From the supplement to the 2018 paper, we note that the reviewer demographics were 62% Asian, 38% white with zero black or hispanic reviewers. I don't know how that matches the panels that handle NCI applications but I would expect some minimal black/hispanic representation and a lot lower Asian representation to match my review panel experiences. The panels were also 24% female which seems to match with my memory of NIH stats for review running under 1/3 women.
There were 17% of reviewers at assistant professor rank. This is definitely a divergence from CSR practice. The only data I saw right around the time of Scarpa's great Purge of Assistant Professors suggested a peak of 10% of reviewers. Given the way ad hoc / empaneled reviewer loads work, I think we can conclude that way fewer than 10% of reviews were coming from Assistant Professors. As you know, we are now a decade past the start of the purge and these numbers have to be lower. So the panel demographics are not similar.

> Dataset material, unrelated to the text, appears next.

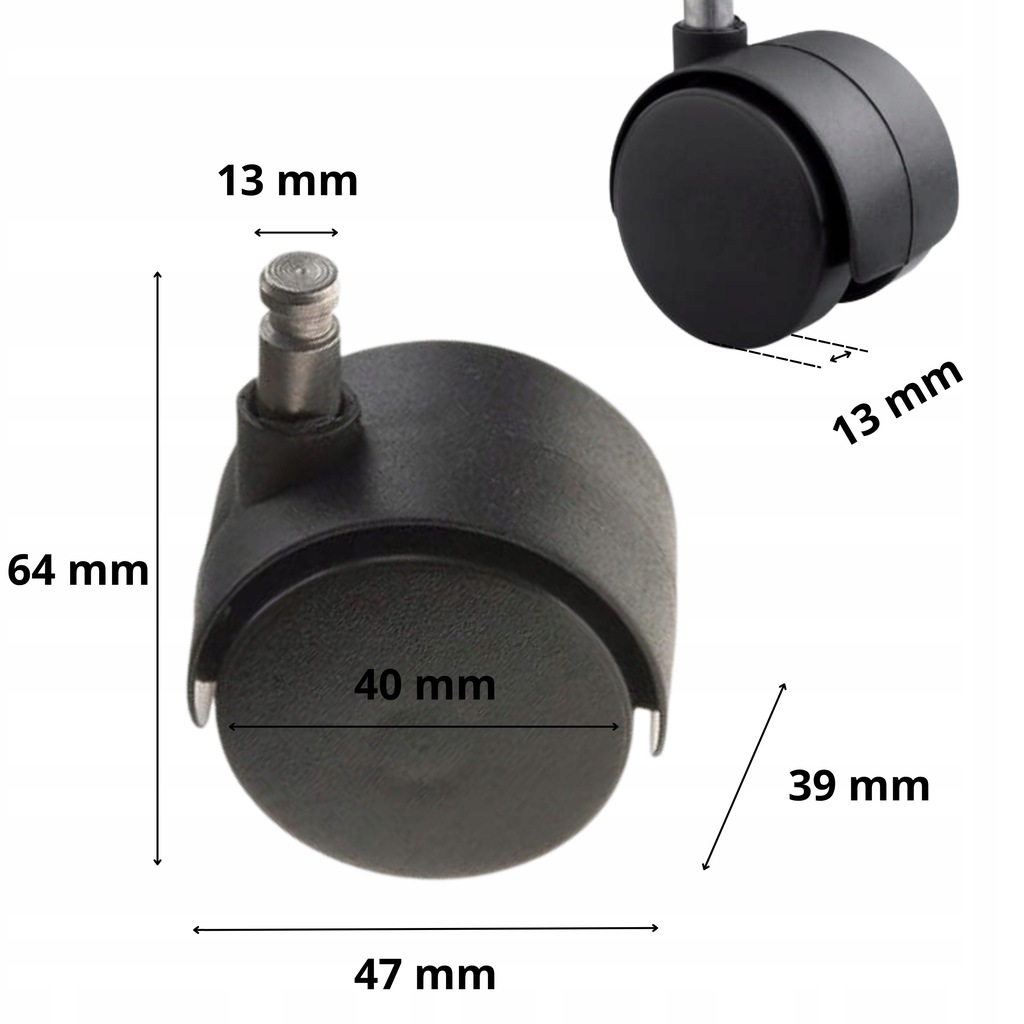 KÓŁKO OBROTOWE Z BOLCEM PLASTIKOWE FI 40 MM DO KRZESEŁ BIUROWYCH STOLIKÓW

N.b., The 2017 papers says they surveyed the reviewers on similarity to genuine NIH review experience but I can't find anywhere it states the amount of review experience for the subjects. Similarly, while they all had to have been awarded at least one R01, we don't know anything about their experiences as applicants. Might be relevant. A missed opportunity would seem to be the opportunity to test reviewer demographics in the 2017 paper which covers more about the process of review, calibration of scoring, agreement after discussion, etc.
The paper(s) also says that they tried to de-identify the applicants.
All applications were deidentified, meaning the names of the PIs, any co-investigators, and any other research personnel were replaced with pseudonyms. We selected pseudonyms using public databases of names that preserved the original gender, nationality, and relative frequency across national populations of the original names. All identifying information, including institutional addresses, email addresses, phone numbers, and hand-written signatures were similarly anonymized and re-identified as well.
I am still looking but I cannot find any reference to any attempt of the authors to validate whether the blinding worked. Which is in and of itself a fascinating question. But for the purposes of the "replication" of NIH peer review we must recognize that Investigator and Environment are two of five formally co-equal scoring criteria. We know that the NIH data show poor correlation of Investigator and Environment criterion scores with overall voted impact score (Approach and Significance are the better predictors), but these are still scoring criteria. How can this study attempt to delete two of these and then purport to be replicating the process? It is like they intentionally set out to throw noise into the system.
I don't think the review panels triaged any of the 25 proposals. The vast majority of NIH review involves triage of the bottom ~half of the assigned proposals. Reviewers know this when they are doing their preliminary reading and scoring.